Because we're looking at strings right now, let's take a look at some string methods that you can use to manipulate the string in question.

How to use a Method

You use a method by indicating the object being used, a period (.), and the method name followed by a pair of parentheses. Depending on the method you're using, there may be arguments that you'll need to include in the parentheses.

Example: "Mississippi".count("s") uses the string method "count" to count the number of "s"s in the string "Mississippi" and gives us a value of 4.

Here are some other string methods that you may find useful at some point.

Predict what will be produced by each of the following statements, and try them out in the Python interpreter to get some familiarity with them.

>>> name = "jules verne"
>>> print(name.capitalize())
>>> print(name.title())
>>> print("DON'T SHOUT!".lower())
>>> print(name.upper())
>>> print(name.replace("jules","phileas"))
>>> print(name.split()) # splits into a list # default separator is a space " "
>>> print("Wow. That's cool. Right?".split("."))
>>> print(name.find("verne"))
>>> print(name.count("e"))
>>> print(" ".join(["i","love","you"])) # Joins a list # of items into a string # separated by " "

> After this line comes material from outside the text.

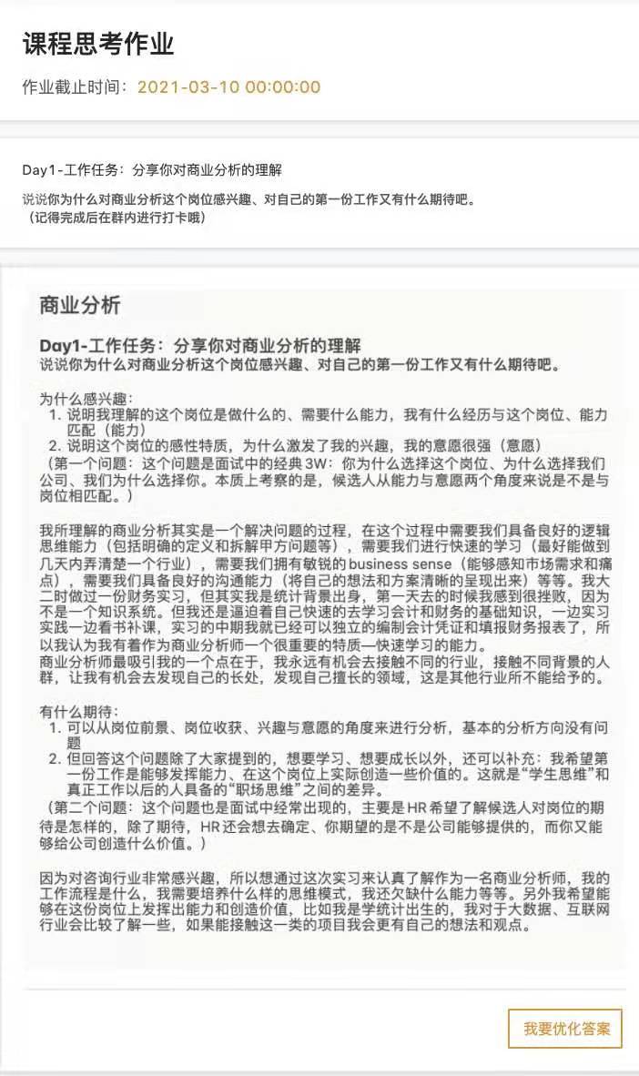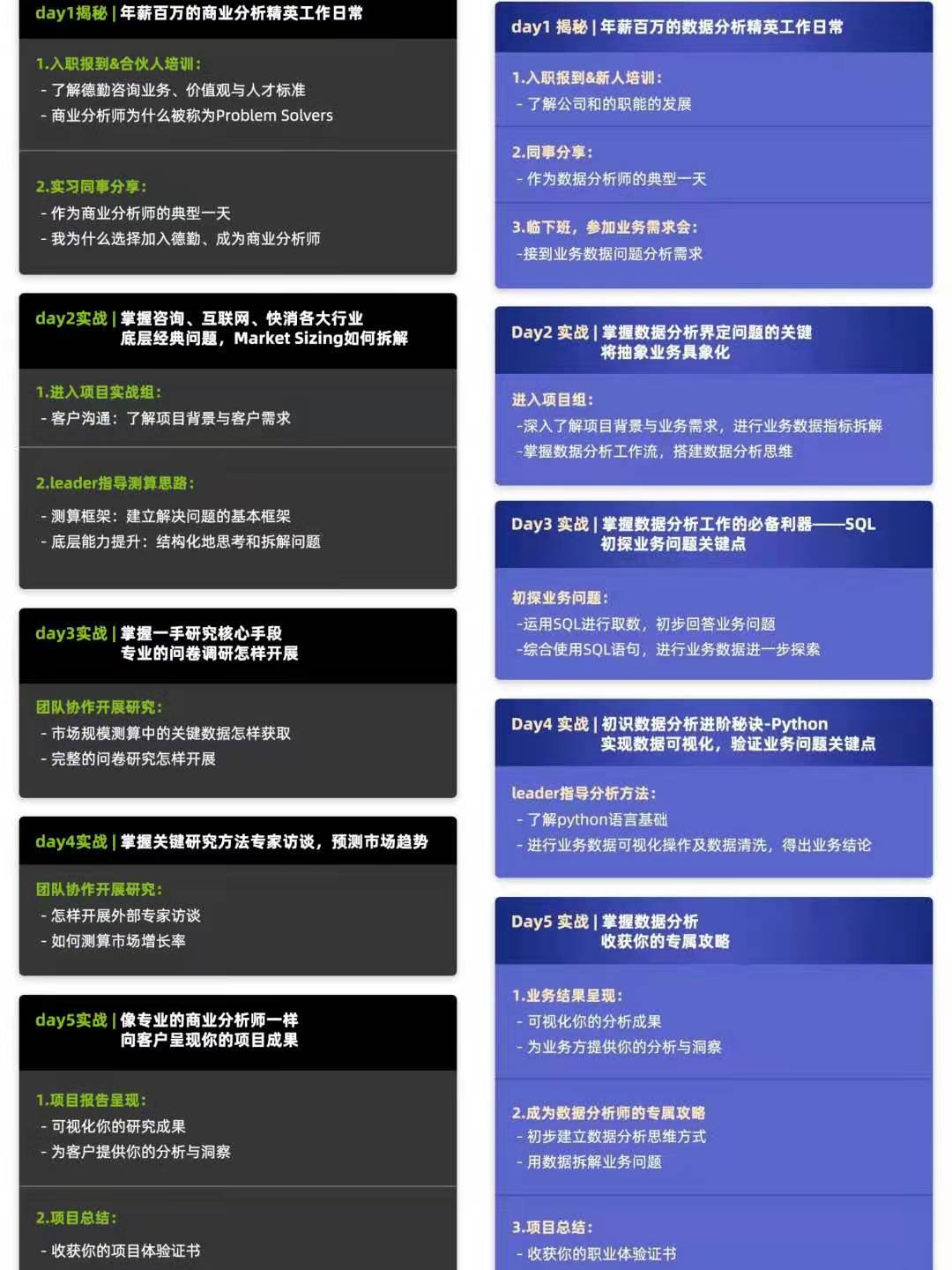 本次体验营包括两个职业类别,分别为腾讯教育数据分析师职业体验和德勤咨询商业分析师职业体验。活动由职场从业者带队,以“课程打卡+微信群作业讲解”形式在线上进行模拟岗位体验,包括入职报到、进入项目实战组、初尝业务问题、团队协作开展研究、项目总结等多个环节。参与体验的学生覆盖大一到研三各年级,参与总人数达100以上。此外,体验营还提供了简历制作、笔面试技巧、网络求职攻略等免费学习课程,助力毕业生春招求职之路。
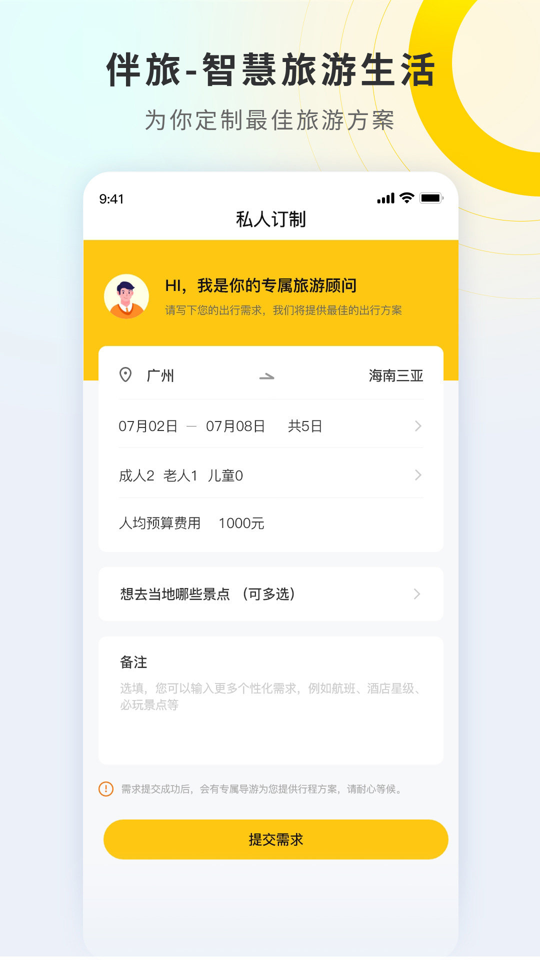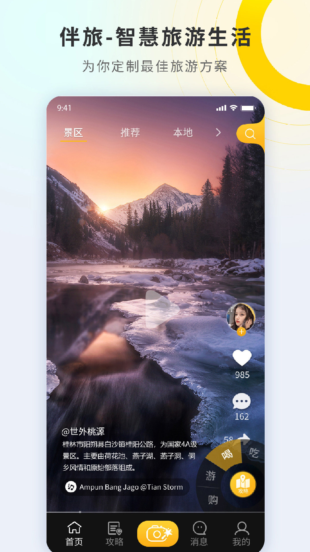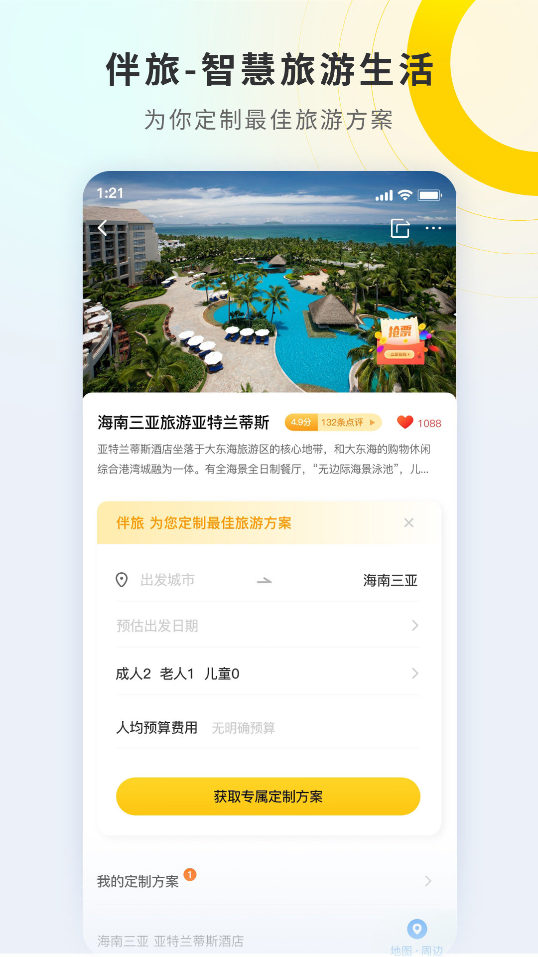 伴旅2023,最新最热门的旅游APP。有着超级丰富的旅游攻略,各个城市的热门景点信息都能找到,用户们可以自由的定制旅游线路、往返车票、门票、住宿等等服务,和好友一起旅游更加舒适!

3.2.2. Practical Use of String Methods

Let's take a look at one quick use of one of the string methods that we might be able to use right away.

In writing programs, you'll have occasion to ask the user to respond to a "yes or no" question. What's one way that we can check their response?

keep_going = input("Would you like to play again? (Yes/No)") if keep_going == "Yes": ...

This will work, perhaps, but what if they just enter a "Y" instead of the full word "Yes"? You might suggest that they follow the directions more carefully, but in the interests of keeping our program running more cleanly, perhaps we could do this:

keep_going = input("Would you like to play again? (Y/N)") if keep_going == "Y": ...

But what if they type "Yes" now? "Yes" is not equal to "Y". But maybe this will work...

keep_going = input("Would you like to play again? (Y/N)") if keep_going[0] == "Y": ...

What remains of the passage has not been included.